Molecular dynamics (MD) was used to establish a mechanistic basis for the experimentally observed reduction in liquidus and solidus temperatures below the melting point of the end-members for the mixed oxides $\left(\text{Th},\text{U}\right){\text{O}}_2$, $\left(\text{Th},\text{Pu}\right){\text{O}}_2$ and $\left(\text{Pu},\text{U}\right){\text{O}}_2$. This dip is found at $\sim 5\text{\%}$ additions of the oxide with higher melting point to the oxide with the lower melting point. There are many causes suggested for the dip; here the distribution of the cation Frenkel energy for the mixed oxides caused by the local environment is proposed as a contributor. Furthermore, a variant of the moving interface method which yields information on the position of the solidus and liquidus boundaries, is used to predict the phase diagrams of these systems.
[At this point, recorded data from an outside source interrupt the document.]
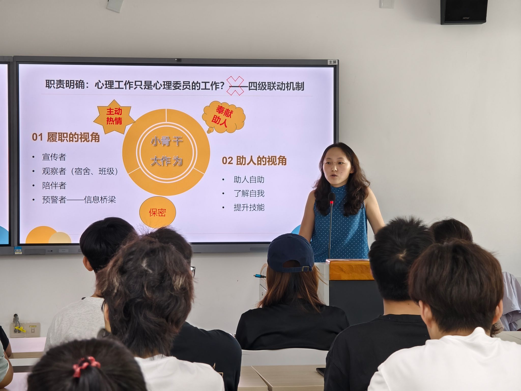 培训中,陈瑞蕊老师围绕 “心理骨干助人技巧”“常见心理疾病识别”“危机干预应知应会” 三个部分展开详细讲解。
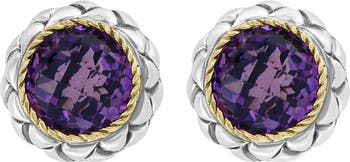 Refresh your jewelry collection with these day-to-night studs centered with faceted amethysts and bordered with twisted 18-karat gold.
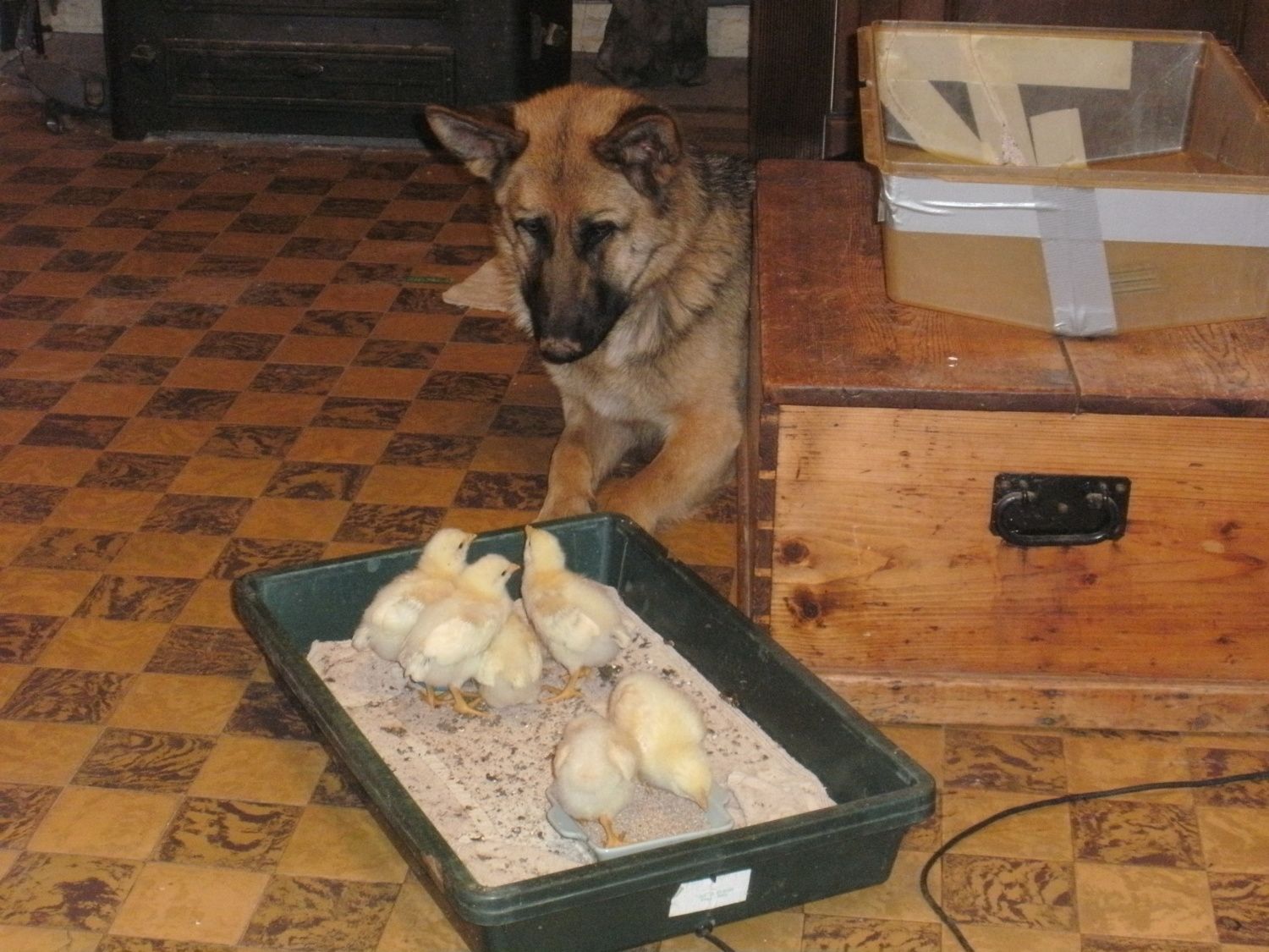 Chicks finally had to get moved outside when I found them perched at the top of their box! Here's a photo of them in their new digs. They are about a month old now.
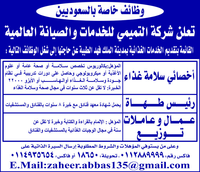 وظائف خاصة بالسعوديين من شركة التميمى للخدمات والصيانه العالمية
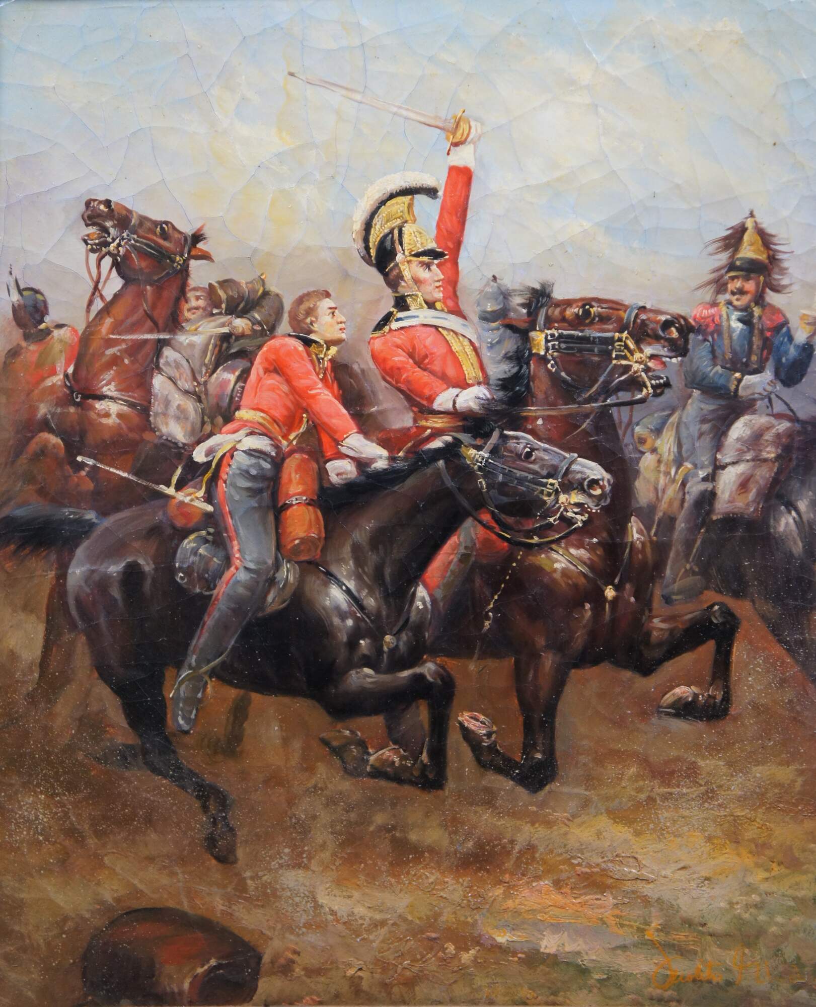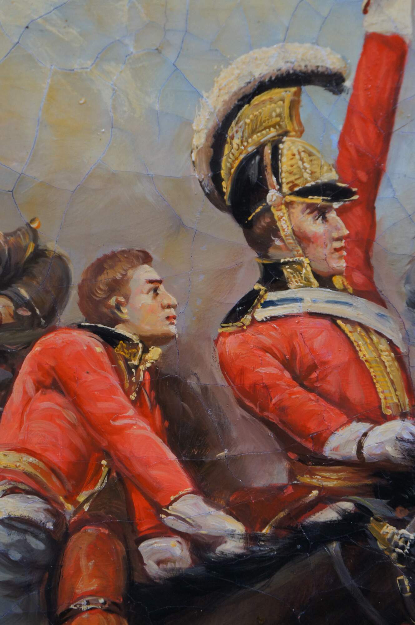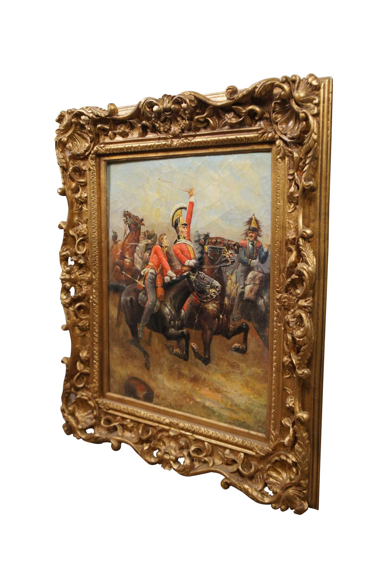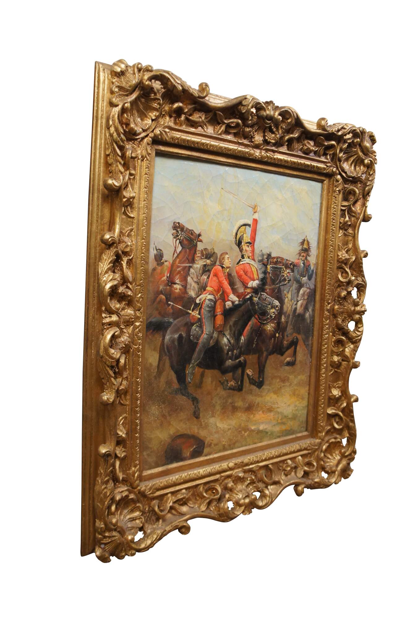 Late 20th century oil on linen painting after "Life Guards Charging at the Battle of Waterloo" by Richard Caton Woodville (first painted in 1899). Depicts a pair of red-coated soldiers from the 1st Regiment of Life Guards - a cavalry regiment in the British Army - in the midst of the 1815 Battle of Waterloo that marked the end of the Napoleonic Wars. Ornate foliate and scalloped cornered gilt resin frame. Signed in lower right corner.

分子动力学（MD）用于为实验观察到的液相线和固相线温度降低到混合氧化物末端分子熔点以下而建立的机理基础 $（\text{钍}，\text{ü}）{\text{Ø}}_2$， $（\text{钍}，\text{普}）{\text{Ø}}_2$ 和 $（\text{普}，\text{ü}）{\text{Ø}}_2$。可在以下位置找到该倾角$〜5\text{％}$将熔点较高的氧化物添加到熔点较低的氧化物中。建议出现下降的原因有很多。在这里，由当地环境引起的混合氧化物的阳离子Frenkel能量分布被提出。此外，移动接口方法的一种变体可产生有关固相线和液相线边界位置的信息，用于预测这些系统的相图。